Top of Input for this task
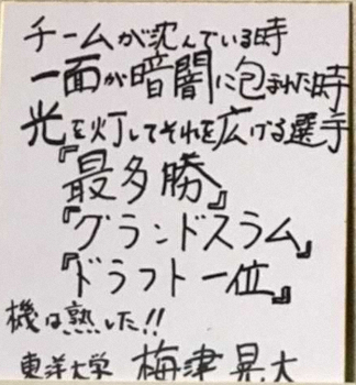 東洋大時代、寮の部屋に『チームが沈んでいる時、一面が暗闇に包まれた時、光を灯してそれを広げる選手』と書いた色紙を飾った。「親以外で一番の恩師。プロに入れたのも須江さんのおかげ」と尊敬してやまない宮城・秀光中時代の監督である須江航氏(現仙台育英監督)に教わったエースの条件だ。
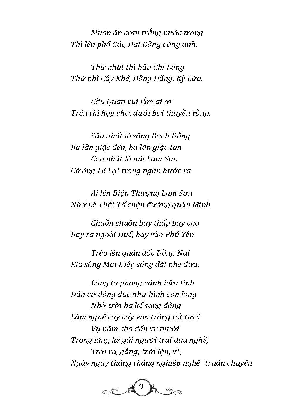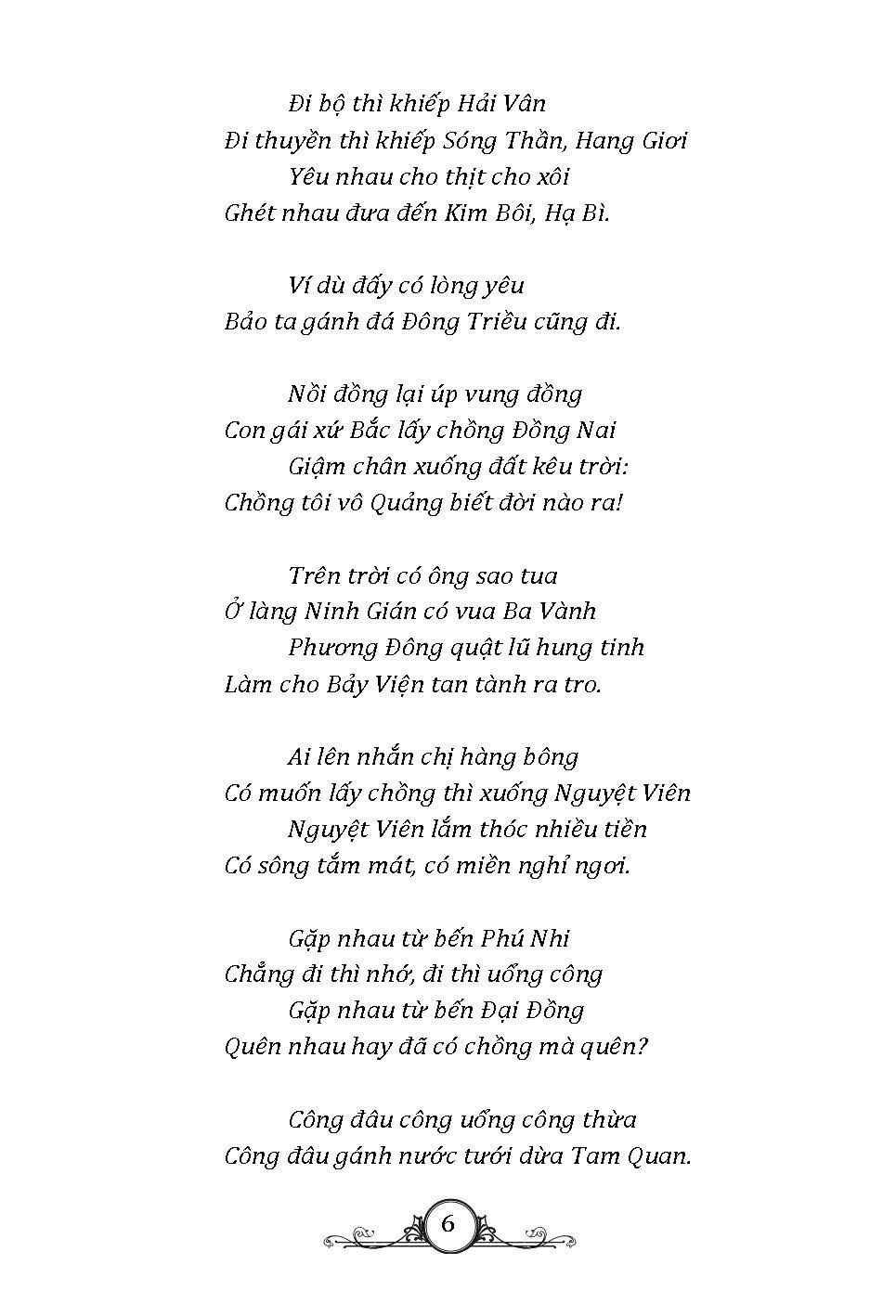 Tuyển tập thơ ca dân gian Việt Nam với những câu hát phổ biến dễ nhớ, dễ thuộc, chứa đựng những giá trị và ý nghĩa sâu sắc về tình yêu quê hương, đất nước,
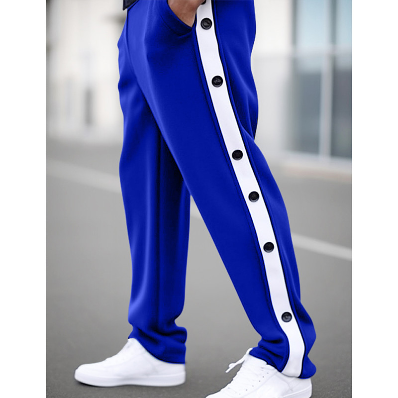 Men's Sweatpants Joggers Tear Away Pants Trousers Straight Leg Sweatpants Drawstring Elastic Waist Side Button Plain Comfort Breathable Full Length Outdoor Daily Going out Fashion Casual Black Blue
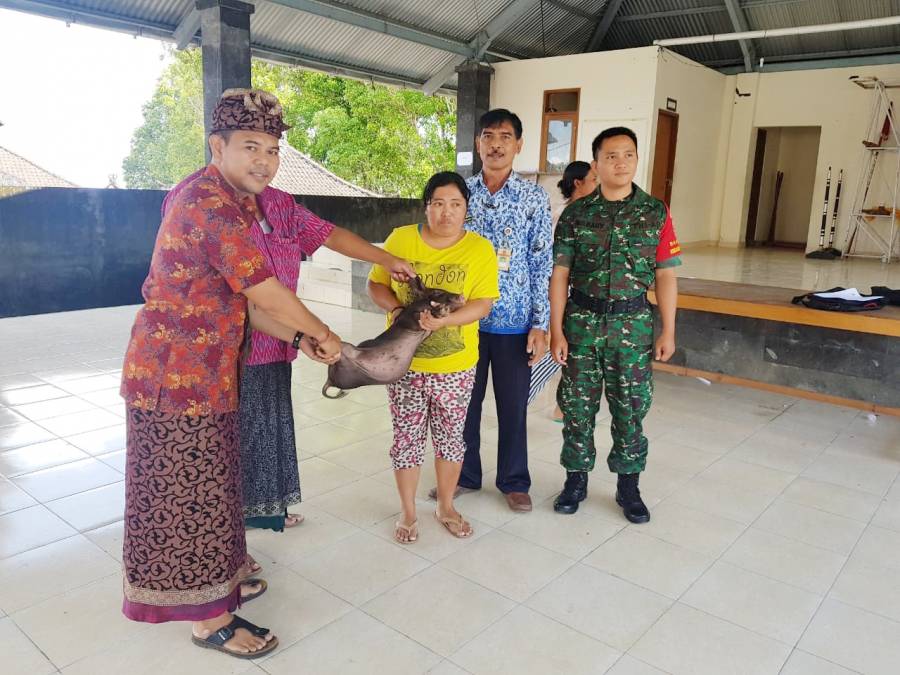 Pemerintah Kabupaten Buleleng melalui Dinas Sosial Kabupaten Buleleng mengadakan penyerahan bantuan bibit ternak babi untuk anggota KPM (Keluarga penerima manfaat) PKH di Desa Bengkel, Kecamatan Busungbiu, Kabupaten Buleleng.
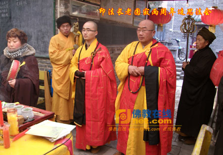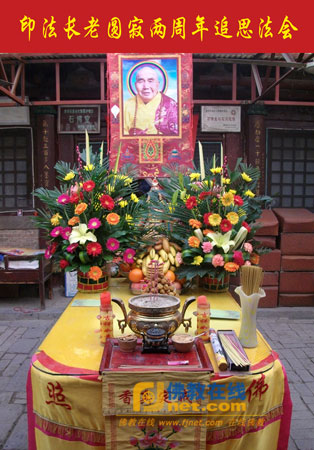 2013年1月2日上午,河南博爱县青莲石佛寺隆重举行“印法老和尚圆寂两周年追思法会”。青莲石佛寺住持演祥法师、武陟县观音寺住持妙神法师等带领诸山长老、护法居士及常住僧众共计三百余人持香诵经,绕塔追思。
Bottom of Input for this task
Exercise brief
Go to the line that contains "Men's Sweatpants Joggers" and copy exactly from there through the last line of the records above, both included. Omit pictures.

Task response
 Men's Sweatpants Joggers Tear Away Pants Trousers Straight Leg Sweatpants Drawstring Elastic Waist Side Button Plain Comfort Breathable Full Length Outdoor Daily Going out Fashion Casual Black Blue
 Pemerintah Kabupaten Buleleng melalui Dinas Sosial Kabupaten Buleleng mengadakan penyerahan bantuan bibit ternak babi untuk anggota KPM (Keluarga penerima manfaat) PKH di Desa Bengkel, Kecamatan Busungbiu, Kabupaten Buleleng.
 2013年1月2日上午,河南博爱县青莲石佛寺隆重举行“印法老和尚圆寂两周年追思法会”。青莲石佛寺住持演祥法师、武陟县观音寺住持妙神法师等带领诸山长老、护法居士及常住僧众共计三百余人持香诵经,绕塔追思。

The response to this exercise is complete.